↓

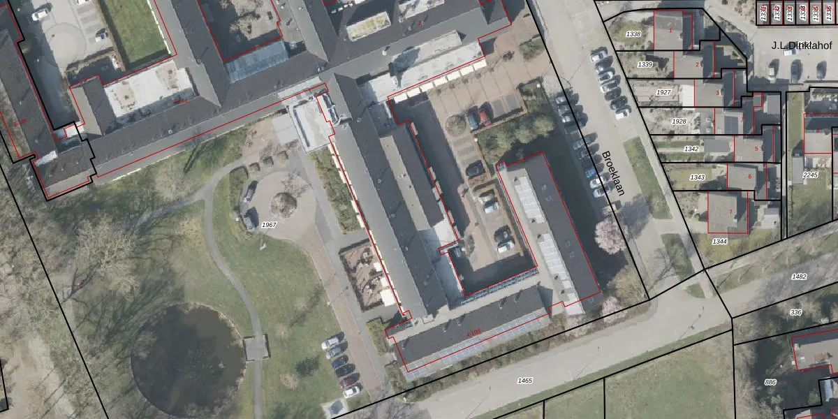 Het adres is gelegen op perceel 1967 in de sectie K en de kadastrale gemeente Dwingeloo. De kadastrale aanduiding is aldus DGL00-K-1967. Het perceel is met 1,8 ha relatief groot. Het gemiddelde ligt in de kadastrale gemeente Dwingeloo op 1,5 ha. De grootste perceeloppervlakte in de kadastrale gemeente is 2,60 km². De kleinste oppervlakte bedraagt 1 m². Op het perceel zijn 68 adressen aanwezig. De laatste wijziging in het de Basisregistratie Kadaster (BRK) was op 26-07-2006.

↑
↓

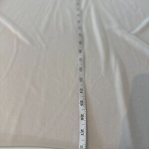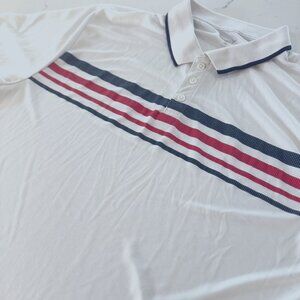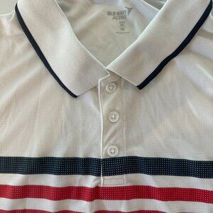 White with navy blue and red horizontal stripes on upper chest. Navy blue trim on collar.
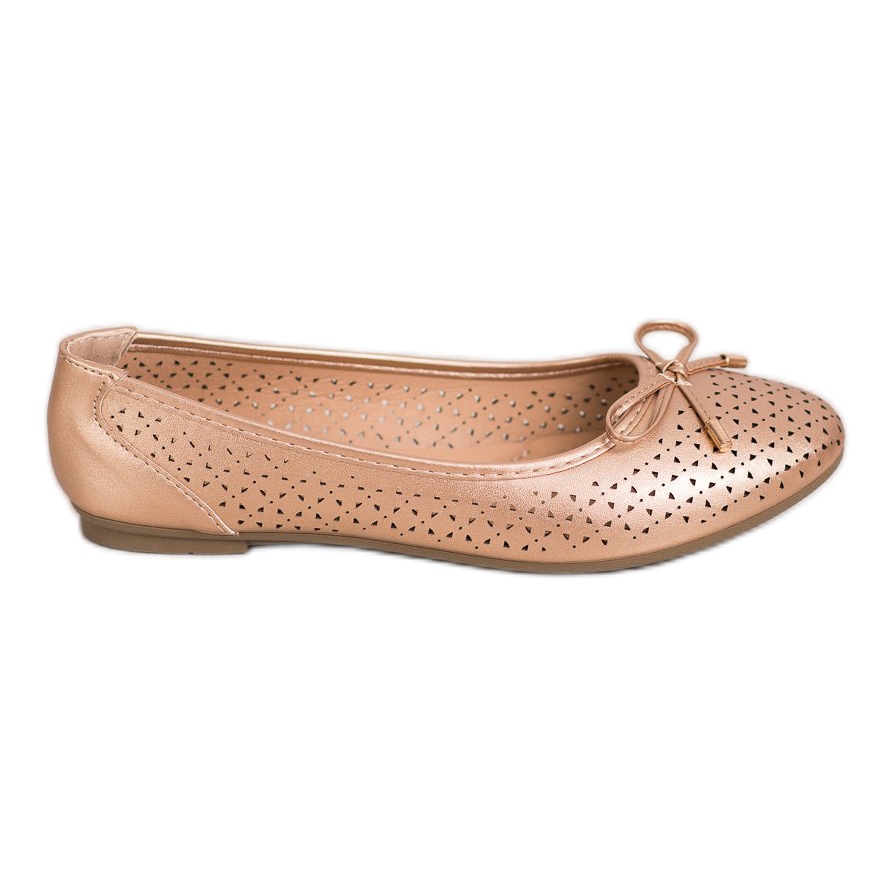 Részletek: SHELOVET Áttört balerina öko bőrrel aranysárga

↑
↓

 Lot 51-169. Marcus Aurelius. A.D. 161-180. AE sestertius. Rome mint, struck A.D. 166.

↑

**PROBLEM TO WORK ON**
Give the lines above again exactly, from the one containing "White with navy" to the one containing "Részletek: SHELOVET Áttört", both included, but leave out the pictures.

**EXPECTED ANSWER**
 White with navy blue and red horizontal stripes on upper chest. Navy blue trim on collar.
 Részletek: SHELOVET Áttört balerina öko bőrrel aranysárga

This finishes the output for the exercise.